30 Haziran 2006 Cuma

Eğitim ve Yaz

Sanıyormusunuz ki çocuklar tatile girdi. Aslında onlar için en zor mevsim şimdi başladı. Yıl boyunca okul sınırları içerisinde çocukluklarını yaşadılar doya doya. Güldüler, eğlendiler, öğrendiler. Şimdilerde hangi tezgahın başındalar kimbilir. Kimileri pamuk tarlalarında ırgatlık yapmakta kimisi eli yüzü karalar içinde sanayide. Dışarıya çıkamaz oldum...
Daha dün market karşılaştığım çocuk. Beni gördüğünde üzerindeki önlükten kurtulmak için nasılda kendini paraladı. Görünmemek için çok uğraştım. Kahretsinki kasadan geçmem gerekiyordu. Gözlerinin içine baktım, olur böyle şeyler der gibi. Artık markete gidemiyorum...
Semtin en kalabalık yerinde her an bir köşede karşılaşma ihtimal var onlarla. Bazen bir ayakkabı boyacısı yaklaşır yanıma, yüzüme bakmadan abii boyayım mı der. Başımı kaldırdığım da 9K sınıfında Ahmettir bu. Öylece kalakalırız kaldırımda. Boyadan ciladan kararmış ellerine bakmamak için ne yapsam boştur. Çalışmanın erdem olduğunda bahsederim ona hep. Aileye yardımcı olmanın öneminden. Kaldırımda yürüyemez oldum.

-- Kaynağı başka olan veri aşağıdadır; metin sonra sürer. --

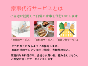 お掃除、お料理、お買い物など日常の家事を丁寧に代行いたします。

Çocuklar metropol yaşamında inanılmaz işlerde yapıyor bunun yanında. Bilet satıcısı öğrencilerim var. Korsan cd tezgahlarında çalışanlar. Ama en çokta garsonlar. Acemi, yakışıksız elleriyle masada keyif çatan birine çay getirirken görmeye dayanamam onları. Boğaza inemez oldum...

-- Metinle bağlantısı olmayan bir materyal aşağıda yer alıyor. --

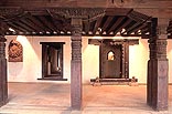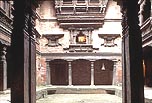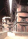 町の一番古い地区は、王宮地区であるよりも、ダッタトレーヤ寺院のある タチャパル・トル(広場)周辺である。ここにはマッラ朝の建築伝統を伝える 多くの木造建築が残り、それらのファサードや、中庭に面した窓やドア廻りの華麗な木彫が、今も燦然と輝きを放っている。一昔前には、近代化の波に取り残されたこの町はかなり荒廃し、建物は崩れ、町は汚物に満ちていた。それを今のように美しく甦らせたのは ドイツとユネスコの援助による 1970年代後半から 80年代初めにかけての 修復と保存活動によるところが大きい。建築家や大学の研究室グループが 町や建物を実測し、復原図を起こし、道や広場を舗装し直し、建物を改修して 新しい用途に適合させるなどして、この町全体を博物館都市のように よみがえらせたのである。私が初めてこの町を訪れたのは 1976年のことであったから、そのプロジェクトが始まった頃であったが、1991年に再訪した時には どこも驚くほど美しく整備されていて、その落ち着いた佇まいが、カトマンドゥやパタンの商業化した騒がしさとは 著しい対照を見せていた。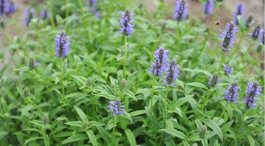 Стебли крепкие 60-100 см высотой, прямые, опушенные. Листья ароматные, крупные, около 15 см длиной, продолговато-ланцетные, по краям зубчатые или пильчатые. Соцветия очень крупные, рыхлые, венчики фиолетовые и темно-лавандовые. Обильно цветет в июне-июле. Сорта: Summer Magic, Dawn to Dusk.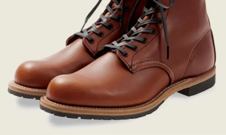 レッド・ウィング社を創業したチャールズ・ベックマンにちなんで名付けられた「ベックマンブーツ」は、社の創業期より存在した6インチ丈ラウンドトゥのブーツをベースにしたモデルです。くるぶしをカカト側から柔らかく包み込む一枚革とし、足当りが柔らかで軽快なつくりで、グリップの良い樹脂製の半張りのソールを用いたモデルです。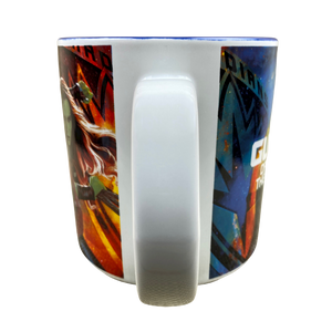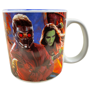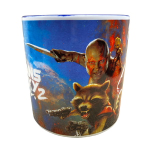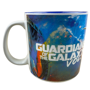 This is an oversized mug. It features It features artwork depicting characters from Marvel's Guardians Of The Galaxy Vol. 2 movie.

Ben bilmezdim ta ki düne kadar. Meğer bu çocuklar konfeksiyon atölyelerinden çalışırlarmış büyük bir çoğunluk. Ortacı derlermiş gariplerime. Aldıkları ücret, patronları cömertse haftada 50 liraymış. Mesainin de sınırı yokmuş. Kimi zaman atölyede sabahlıyorlarmış. Atölye dediğim karanlık bodrum katı. Şimdilerde üzerimde ki elbise kaskatı kesiliyor. Onların o küçücük ellerinden çıktığını düşündükçe.
Yaz kötü bir mevsim onlar için. Çocuk işçi çalıştırılamaz müediyeli yasalar onları korumuyor.

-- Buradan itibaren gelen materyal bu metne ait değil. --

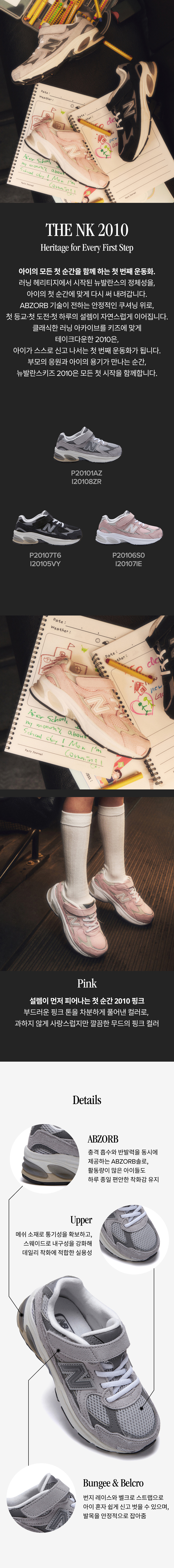클래식한 헤리티지를 현대적인 감각으로 풀어낸 2010은 키즈로 테이크다운되면서 번지+벨크로 버전으로, 아이들이 더욱 신고 벗기 편하도록 디자인되었습니다.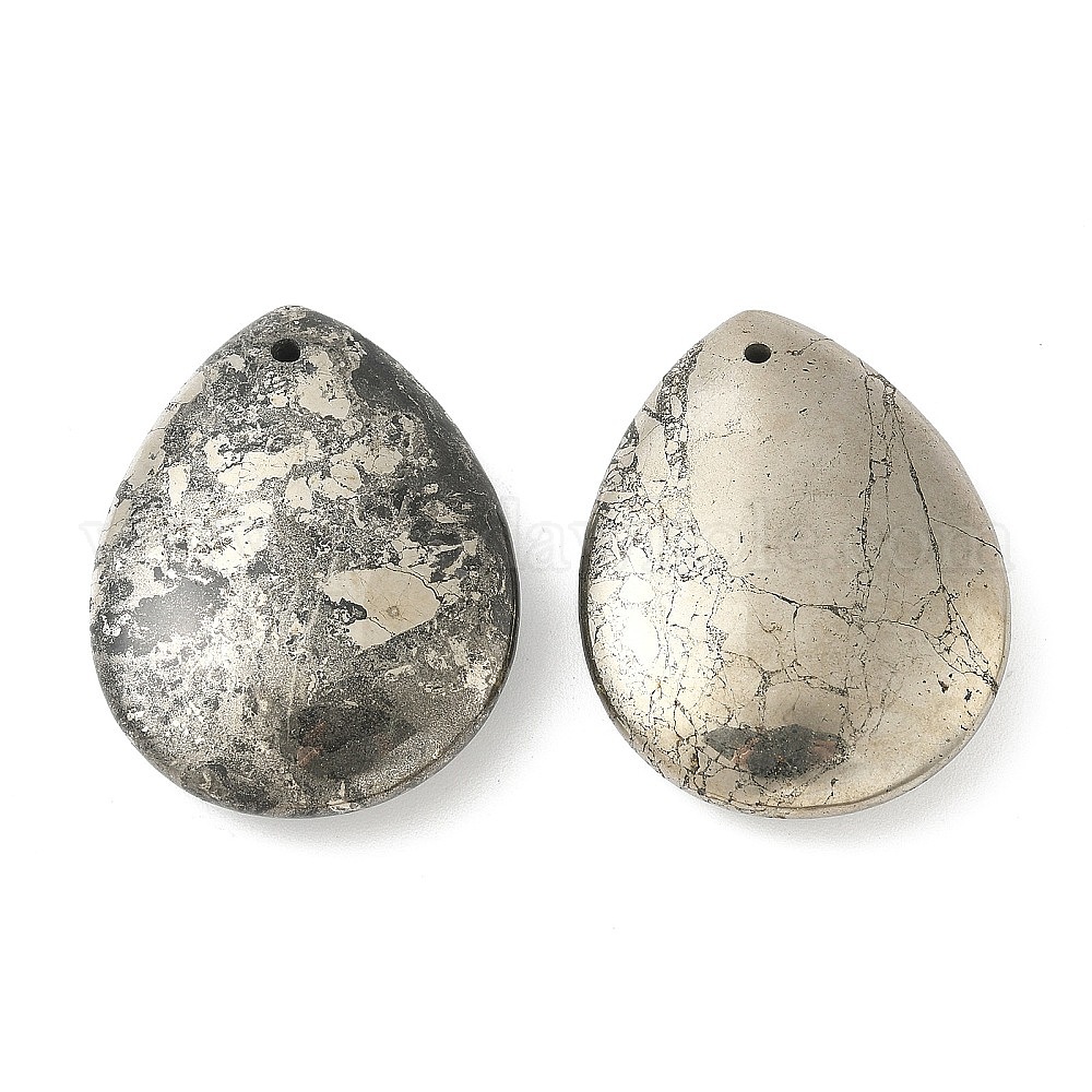 • Пирит Подвески из натурального пирита в форме капли, 45.5x35.5x11 мм, отверстие : 1.8 мм

Hocalarımız hiç sormayın. Öyle ya 90 gün boyunca yatıyorlar. O sahil senin bu plaj benim dolaşıyorlar. Nerede? Artık semt pazarına da gidemez oldum. Çoğu zaman pazarın bir ucunda tezgahta bir şeyler satarken onları görmek olası. O kadar belli ediyorlar ki kendini. Hayatında hiç öğretmen görmeyen biri bile, rahatlıkla ayırt edebilir onları.
Anlaşıldı. Camia olarak bir sonraki eğitim öğretim yılına da yorgun gireceğiz. Kimbilir belki kar falan yağarda dinleniriz.